***** RECORDS PROVIDED

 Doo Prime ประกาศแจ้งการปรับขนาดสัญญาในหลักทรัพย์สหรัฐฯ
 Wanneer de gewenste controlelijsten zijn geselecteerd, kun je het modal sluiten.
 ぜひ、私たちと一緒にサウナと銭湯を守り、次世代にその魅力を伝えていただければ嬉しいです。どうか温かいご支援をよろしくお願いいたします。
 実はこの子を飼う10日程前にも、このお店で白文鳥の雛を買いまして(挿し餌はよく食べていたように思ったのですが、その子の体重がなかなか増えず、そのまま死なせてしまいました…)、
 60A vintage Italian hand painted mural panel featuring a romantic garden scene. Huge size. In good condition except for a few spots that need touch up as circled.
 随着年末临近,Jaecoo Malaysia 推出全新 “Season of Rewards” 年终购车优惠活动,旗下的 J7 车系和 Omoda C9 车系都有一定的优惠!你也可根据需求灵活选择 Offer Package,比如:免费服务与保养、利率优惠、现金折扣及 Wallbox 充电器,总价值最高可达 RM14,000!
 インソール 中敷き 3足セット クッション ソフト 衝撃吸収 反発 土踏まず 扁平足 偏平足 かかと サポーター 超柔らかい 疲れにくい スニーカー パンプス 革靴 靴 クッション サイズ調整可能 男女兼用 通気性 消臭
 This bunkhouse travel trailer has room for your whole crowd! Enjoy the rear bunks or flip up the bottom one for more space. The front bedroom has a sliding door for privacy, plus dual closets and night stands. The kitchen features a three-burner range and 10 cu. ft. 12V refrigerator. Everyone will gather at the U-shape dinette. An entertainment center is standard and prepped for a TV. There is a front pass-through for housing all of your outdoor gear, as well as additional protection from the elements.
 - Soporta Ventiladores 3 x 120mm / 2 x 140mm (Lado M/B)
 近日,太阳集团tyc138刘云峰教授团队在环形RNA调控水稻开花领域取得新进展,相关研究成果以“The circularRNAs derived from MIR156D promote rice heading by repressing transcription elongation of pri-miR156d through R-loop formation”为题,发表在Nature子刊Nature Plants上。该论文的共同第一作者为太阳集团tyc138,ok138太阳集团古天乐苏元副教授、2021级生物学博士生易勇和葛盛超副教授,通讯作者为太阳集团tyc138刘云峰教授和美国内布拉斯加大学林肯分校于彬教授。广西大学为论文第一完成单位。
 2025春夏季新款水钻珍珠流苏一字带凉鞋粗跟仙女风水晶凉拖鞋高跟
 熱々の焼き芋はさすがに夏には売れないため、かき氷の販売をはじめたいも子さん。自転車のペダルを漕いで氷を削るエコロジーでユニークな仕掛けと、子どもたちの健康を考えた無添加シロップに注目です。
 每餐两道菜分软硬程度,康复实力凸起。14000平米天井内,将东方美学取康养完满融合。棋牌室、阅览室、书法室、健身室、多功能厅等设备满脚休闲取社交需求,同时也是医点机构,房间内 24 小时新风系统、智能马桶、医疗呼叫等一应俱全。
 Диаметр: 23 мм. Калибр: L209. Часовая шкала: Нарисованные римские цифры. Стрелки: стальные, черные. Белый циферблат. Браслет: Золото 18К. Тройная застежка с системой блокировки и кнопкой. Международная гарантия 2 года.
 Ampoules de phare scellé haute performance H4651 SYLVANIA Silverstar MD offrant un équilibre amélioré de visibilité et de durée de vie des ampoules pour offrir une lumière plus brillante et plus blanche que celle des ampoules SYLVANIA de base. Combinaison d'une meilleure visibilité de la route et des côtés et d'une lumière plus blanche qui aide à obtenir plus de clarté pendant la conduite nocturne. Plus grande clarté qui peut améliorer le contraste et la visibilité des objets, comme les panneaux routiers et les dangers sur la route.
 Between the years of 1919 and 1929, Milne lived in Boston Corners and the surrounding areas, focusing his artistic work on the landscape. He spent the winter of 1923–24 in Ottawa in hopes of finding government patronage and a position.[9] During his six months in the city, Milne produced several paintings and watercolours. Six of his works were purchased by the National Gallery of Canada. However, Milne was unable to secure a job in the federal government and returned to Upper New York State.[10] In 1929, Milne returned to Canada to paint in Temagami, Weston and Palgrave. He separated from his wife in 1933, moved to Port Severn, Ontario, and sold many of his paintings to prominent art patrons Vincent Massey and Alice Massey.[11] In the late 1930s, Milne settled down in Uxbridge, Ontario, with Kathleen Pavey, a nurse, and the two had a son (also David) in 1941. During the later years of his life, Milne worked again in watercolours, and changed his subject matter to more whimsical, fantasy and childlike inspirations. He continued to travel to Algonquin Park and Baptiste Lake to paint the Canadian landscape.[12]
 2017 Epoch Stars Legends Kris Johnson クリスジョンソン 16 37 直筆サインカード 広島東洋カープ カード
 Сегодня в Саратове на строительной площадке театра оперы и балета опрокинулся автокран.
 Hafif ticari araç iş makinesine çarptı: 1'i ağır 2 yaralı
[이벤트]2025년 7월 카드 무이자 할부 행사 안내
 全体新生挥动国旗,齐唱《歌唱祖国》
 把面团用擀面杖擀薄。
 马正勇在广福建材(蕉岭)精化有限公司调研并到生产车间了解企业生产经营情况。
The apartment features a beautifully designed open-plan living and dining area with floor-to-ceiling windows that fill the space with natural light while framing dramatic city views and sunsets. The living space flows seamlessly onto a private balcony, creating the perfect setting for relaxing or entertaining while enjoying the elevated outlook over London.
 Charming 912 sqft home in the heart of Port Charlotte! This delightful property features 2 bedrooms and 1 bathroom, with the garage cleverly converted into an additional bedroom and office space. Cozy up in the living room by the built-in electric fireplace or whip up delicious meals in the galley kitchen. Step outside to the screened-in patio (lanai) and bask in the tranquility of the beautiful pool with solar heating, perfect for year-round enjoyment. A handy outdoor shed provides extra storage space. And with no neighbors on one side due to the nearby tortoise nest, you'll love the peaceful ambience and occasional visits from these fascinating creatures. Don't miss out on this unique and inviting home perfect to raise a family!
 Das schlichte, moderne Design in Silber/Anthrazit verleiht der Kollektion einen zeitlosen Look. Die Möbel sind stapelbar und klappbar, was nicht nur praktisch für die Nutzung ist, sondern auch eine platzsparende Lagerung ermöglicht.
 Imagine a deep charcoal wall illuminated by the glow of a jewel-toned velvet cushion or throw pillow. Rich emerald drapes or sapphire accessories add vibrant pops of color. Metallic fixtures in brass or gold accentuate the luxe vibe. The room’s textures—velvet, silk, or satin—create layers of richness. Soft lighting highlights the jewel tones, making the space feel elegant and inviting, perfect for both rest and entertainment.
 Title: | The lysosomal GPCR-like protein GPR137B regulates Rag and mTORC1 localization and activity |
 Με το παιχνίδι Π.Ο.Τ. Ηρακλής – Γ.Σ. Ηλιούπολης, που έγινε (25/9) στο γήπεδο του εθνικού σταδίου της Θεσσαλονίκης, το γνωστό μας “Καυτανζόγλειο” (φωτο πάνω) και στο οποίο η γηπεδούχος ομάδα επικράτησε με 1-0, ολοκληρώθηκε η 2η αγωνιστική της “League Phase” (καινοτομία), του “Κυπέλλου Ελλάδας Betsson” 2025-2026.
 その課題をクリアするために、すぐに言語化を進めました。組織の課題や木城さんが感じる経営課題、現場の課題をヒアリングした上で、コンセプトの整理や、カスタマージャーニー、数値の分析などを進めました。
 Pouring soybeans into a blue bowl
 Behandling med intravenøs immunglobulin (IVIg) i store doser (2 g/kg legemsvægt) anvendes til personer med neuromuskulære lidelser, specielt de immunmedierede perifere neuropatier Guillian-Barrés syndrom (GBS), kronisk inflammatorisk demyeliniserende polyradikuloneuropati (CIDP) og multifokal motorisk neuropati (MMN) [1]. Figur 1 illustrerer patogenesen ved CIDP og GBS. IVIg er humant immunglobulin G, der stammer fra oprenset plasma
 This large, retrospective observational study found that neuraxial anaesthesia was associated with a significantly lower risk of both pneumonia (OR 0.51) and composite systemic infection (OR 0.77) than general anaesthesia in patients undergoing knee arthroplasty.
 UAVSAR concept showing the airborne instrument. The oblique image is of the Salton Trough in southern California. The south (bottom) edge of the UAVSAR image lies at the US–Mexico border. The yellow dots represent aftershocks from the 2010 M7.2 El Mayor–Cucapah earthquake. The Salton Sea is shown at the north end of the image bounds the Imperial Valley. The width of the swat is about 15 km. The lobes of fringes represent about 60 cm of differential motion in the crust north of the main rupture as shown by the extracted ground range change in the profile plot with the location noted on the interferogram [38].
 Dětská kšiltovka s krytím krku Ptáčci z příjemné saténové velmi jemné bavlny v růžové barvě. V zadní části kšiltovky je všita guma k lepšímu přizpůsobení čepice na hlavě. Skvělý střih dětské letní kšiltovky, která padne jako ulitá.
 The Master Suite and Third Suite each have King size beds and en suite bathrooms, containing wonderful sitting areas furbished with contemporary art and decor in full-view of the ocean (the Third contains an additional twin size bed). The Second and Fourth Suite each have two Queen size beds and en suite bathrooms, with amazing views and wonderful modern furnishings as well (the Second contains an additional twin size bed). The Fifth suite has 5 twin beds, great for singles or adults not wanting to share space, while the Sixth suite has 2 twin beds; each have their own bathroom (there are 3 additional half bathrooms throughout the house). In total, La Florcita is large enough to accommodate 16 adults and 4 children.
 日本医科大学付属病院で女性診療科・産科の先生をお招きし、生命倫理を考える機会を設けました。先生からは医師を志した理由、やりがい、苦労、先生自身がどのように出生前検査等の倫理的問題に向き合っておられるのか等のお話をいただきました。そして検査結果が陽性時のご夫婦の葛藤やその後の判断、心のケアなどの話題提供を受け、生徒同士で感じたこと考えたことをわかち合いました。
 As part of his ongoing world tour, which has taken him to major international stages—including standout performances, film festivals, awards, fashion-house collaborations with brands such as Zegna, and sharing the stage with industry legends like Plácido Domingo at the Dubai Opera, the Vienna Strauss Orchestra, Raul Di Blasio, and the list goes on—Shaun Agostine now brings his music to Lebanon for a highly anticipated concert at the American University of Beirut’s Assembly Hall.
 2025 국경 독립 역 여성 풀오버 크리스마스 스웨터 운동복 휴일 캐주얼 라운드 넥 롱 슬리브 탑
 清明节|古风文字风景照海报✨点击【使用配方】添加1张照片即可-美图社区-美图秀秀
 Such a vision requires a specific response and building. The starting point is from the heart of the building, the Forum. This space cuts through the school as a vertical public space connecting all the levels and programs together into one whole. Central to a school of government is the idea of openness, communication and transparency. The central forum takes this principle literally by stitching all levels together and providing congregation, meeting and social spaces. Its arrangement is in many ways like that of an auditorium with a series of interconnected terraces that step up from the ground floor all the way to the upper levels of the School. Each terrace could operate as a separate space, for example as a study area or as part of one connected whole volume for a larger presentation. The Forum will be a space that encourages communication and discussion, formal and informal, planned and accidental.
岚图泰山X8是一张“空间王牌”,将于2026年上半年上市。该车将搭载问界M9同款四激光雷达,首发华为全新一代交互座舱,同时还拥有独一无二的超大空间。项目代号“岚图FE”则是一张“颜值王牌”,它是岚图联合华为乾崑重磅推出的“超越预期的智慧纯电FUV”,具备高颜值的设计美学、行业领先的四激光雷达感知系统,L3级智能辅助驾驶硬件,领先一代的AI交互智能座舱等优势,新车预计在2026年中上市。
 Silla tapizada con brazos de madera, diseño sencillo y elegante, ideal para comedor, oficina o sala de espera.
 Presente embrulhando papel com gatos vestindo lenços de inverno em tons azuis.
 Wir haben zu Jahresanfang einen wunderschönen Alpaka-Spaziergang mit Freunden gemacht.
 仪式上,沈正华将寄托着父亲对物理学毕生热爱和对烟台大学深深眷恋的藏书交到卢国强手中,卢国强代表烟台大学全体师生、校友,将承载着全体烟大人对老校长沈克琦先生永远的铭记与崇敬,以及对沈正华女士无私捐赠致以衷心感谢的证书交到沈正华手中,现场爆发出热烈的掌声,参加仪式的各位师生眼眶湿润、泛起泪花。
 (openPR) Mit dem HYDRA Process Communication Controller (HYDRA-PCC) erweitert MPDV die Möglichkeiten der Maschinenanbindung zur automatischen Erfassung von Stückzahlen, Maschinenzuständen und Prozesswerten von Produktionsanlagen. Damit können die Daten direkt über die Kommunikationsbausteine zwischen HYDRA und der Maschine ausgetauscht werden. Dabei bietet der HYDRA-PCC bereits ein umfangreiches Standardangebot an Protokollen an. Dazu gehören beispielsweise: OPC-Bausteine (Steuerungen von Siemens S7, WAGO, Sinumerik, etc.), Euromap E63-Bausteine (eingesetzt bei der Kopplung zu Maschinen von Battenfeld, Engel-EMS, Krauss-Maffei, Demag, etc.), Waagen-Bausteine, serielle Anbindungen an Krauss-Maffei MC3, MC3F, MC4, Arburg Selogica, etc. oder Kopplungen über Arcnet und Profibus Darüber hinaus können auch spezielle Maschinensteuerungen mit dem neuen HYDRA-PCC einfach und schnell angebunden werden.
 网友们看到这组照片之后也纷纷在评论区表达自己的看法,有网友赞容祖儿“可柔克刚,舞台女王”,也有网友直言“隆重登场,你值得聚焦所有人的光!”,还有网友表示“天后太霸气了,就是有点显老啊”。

**********

▸ **REQUIRED ACTION**
All lines holding the word "living" must be copied from the data.

▸ **EXPECTED ANSWER**
The apartment features a beautifully designed open-plan living and dining area with floor-to-ceiling windows that fill the space with natural light while framing dramatic city views and sunsets. The living space flows seamlessly onto a private balcony, creating the perfect setting for relaxing or entertaining while enjoying the elevated outlook over London.
 Charming 912 sqft home in the heart of Port Charlotte! This delightful property features 2 bedrooms and 1 bathroom, with the garage cleverly converted into an additional bedroom and office space. Cozy up in the living room by the built-in electric fireplace or whip up delicious meals in the galley kitchen. Step outside to the screened-in patio (lanai) and bask in the tranquility of the beautiful pool with solar heating, perfect for year-round enjoyment. A handy outdoor shed provides extra storage space. And with no neighbors on one side due to the nearby tortoise nest, you'll love the peaceful ambience and occasional visits from these fascinating creatures. Don't miss out on this unique and inviting home perfect to raise a family!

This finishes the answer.